Fine-Tuning LLMs: RLHF, LoRA, and Instruction Tuning
We continue our series on generative AI. We have...
Today, I am proud to present our guest for the second interview, Dr. Andrew Rabinovich. Currently, Andrew is the CTO and co-founder of Headroom Inc., a startup devoted to producing AI-based solutions for online business meetings (taking notes, detecting and attracting attention, summarization, and so on). Dr. Rabinovich has produced many important advances in the field of computer vision (here is his Google Scholar account), but he is probably best known for his work as the Director of Deep Learning at Magic Leap, an augmented reality startup that raised more than $3B in investments.
Q1. Hello Andrew, and welcome! Let me begin with a general question that I will also expand upon later. You have a lot of experience in academia, with numerous papers published at top conferences and receiving hundreds of citations. At the same time, some of your top accomplishments are related to more “industrial” research work at startups such as Magic Leap.
What kind of work has been more fulfilling for you? And what, in your view, are the main differences in the process and/or results?
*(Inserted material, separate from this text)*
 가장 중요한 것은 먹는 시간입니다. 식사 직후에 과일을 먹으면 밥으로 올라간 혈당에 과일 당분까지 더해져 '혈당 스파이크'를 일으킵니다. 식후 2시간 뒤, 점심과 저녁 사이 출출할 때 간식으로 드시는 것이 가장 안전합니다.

On the surface, research work in both industry and academia is supposed to produce novel solutions that work well for the problem at hand; are there important differences here?
Hello Sergey, I am glad to be here and thank you for the invitation. What you guys, at Synthesis, are doing is extremely important for the computer vision field, and I am grateful that with these efforts the state of the art in Computer Vision, and AI in general, will improve for many years to come.
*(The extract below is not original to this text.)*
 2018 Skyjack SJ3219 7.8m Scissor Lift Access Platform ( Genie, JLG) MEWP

This is a very interesting question that dates back to my undergraduate days when I worked on medical image analysis and was interested in building image cytometers — automated microscopes with machine learning inference skills. While developing the cytometer, it quickly became apparent that the state of the art in computer vision (it was called image processing then) wasn’t quite up to par to solve the practical problems I was facing. This realization made me turn to more theoretical work and focus on developing core vision algorithms. A similar situation happened at Google, where I was really excited to work on algorithms for Google Goggles, the first AR app for Android and iPhone. Then existing, pre-deep learning approaches, weren’t satisfactory to develop product features we were interested in. Again, I turned to more academic research and was very fortunate to work on the development of modern deep networks, including the Inception architecture, which in turn we applied to visual search in Google Photos. You can probably guess where this is going, the same story repeated itself at Magic Leap. I quickly realized that to develop the vision of Mixed Reality, and to close the perceptual gap between real and virtual content, a lot of new fundamental research in computer vision and AI had to be done.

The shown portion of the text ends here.